Rain over the island
Thai builders are working on a construction project beside my apartment block. I watch them sometimes from the balcony, like mice skipping over the concrete structure with its steel rebar spikes jutting out of every surface. At the moment, the project looks like a giant hedgehog that’s losing its needles. The workers scuttle off to a covered place when the rain heaps over the island. I love it when it rains here. The scorched earth, sand, and jungle get drenched in water that collects in pools and flushes through the filthy rivers and streets.
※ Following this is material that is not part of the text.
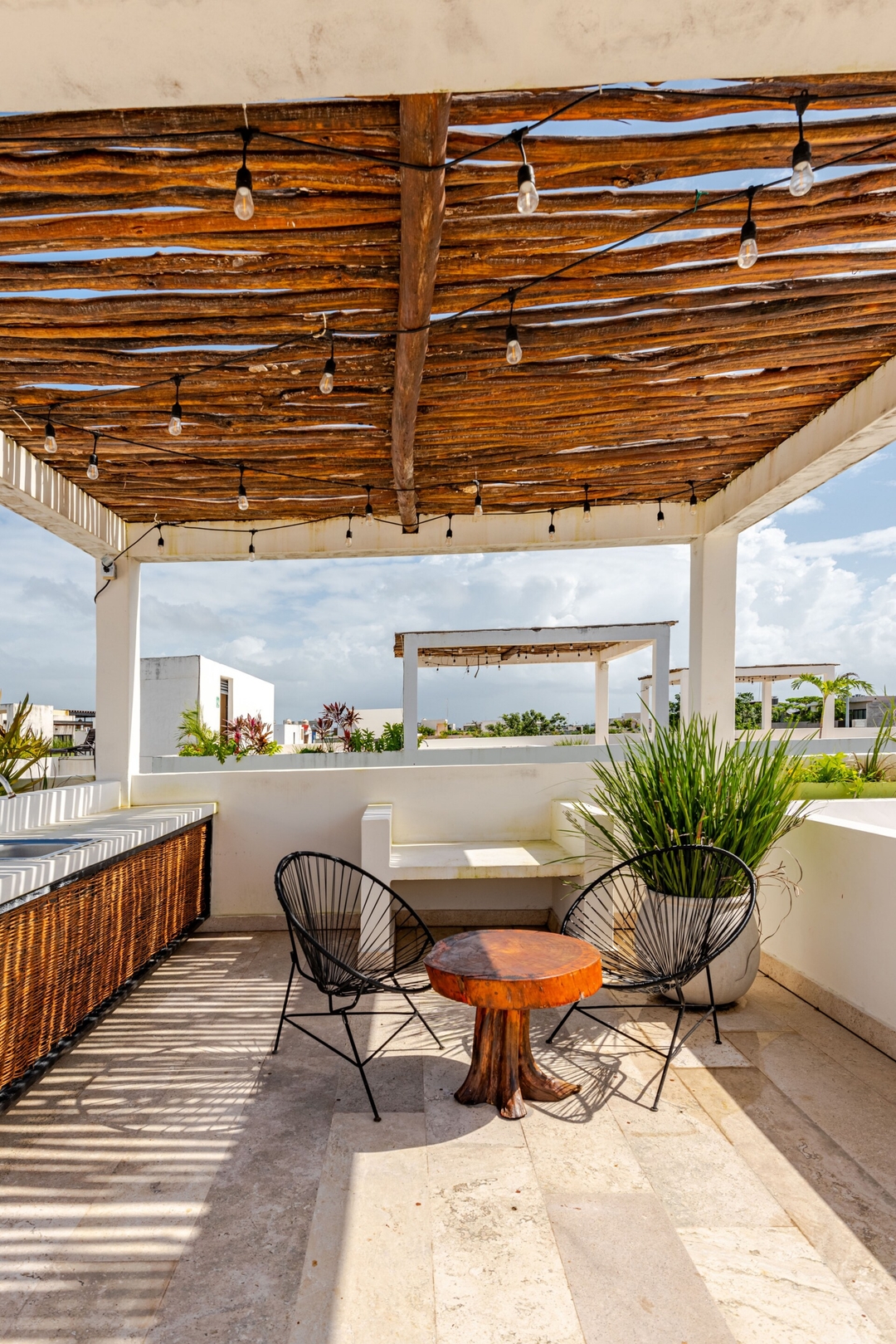 Located in the vibrant La Veleta neighborhood of Tulum. With easy access via a newly paved street, it’s a great spot for those arriving by car or scooter. Just steps away you’ll find an array of restaurants, coffee shops, ice cream parlors, boutiques, and a lively nightlife scene. This apartment is designed for both relaxation and entertainment. It features a private bathroom, kitchen, a living room, a dining area, and a private terrace with a tub attached to the bedroom your own personal oasis

The other day at ten o’clock in the evening, I sped to the spa, scything through the sheet rain on my scooter. I was wearing only my swimming shorts and I sang loudly to myself as I shot down the road, the torrent providing ultimate anonymity. As I picked up speed on a long downhill section, the rain droplets bit into the bare skin of my torso and legs like millions of splattering flies. I slowed when I reached a flooded section of road, but not soon enough. My scooter hit the water and aquaplaned. I lost steering as my tyres skimmed over the surface. Luckily, they hit tarmac and an uphill section which provided the adequate grip to get me back on track.
Ton Mai is an open-air spa with straw-roofed sections and loungers. When the rains come down, the droplets pepper the surface of the swimming pool in tiny explosions. As I completed my three minutes in the cold plunge, the cascading rain warmed my hair and face.
On the way home, the night echoed with the coos of ladies and ladyboys of the night, glowing over their phone screens under the cover of roadside tiki huts. When I flew by an establishment named BJ Massage, a lady with bulbous lips and breasts reached her hand out into the road. The enhanced sections of her body, squeezed into a tiny, soaking tube dress, scattered my evolutionary radar. My nervous system must have thought it was passing through a mythical water-world of sirens. Business is surely quieter when the rains come down. I shot by, narrowly avoiding the flooded section of road from before, and enjoyed the emptiness of the streets and the quiet ride home.



How interesting and earthy. And your radar usually seems so tightly focused.
delightful prose esp the bit about the 'scattering of your evolutionary radar'!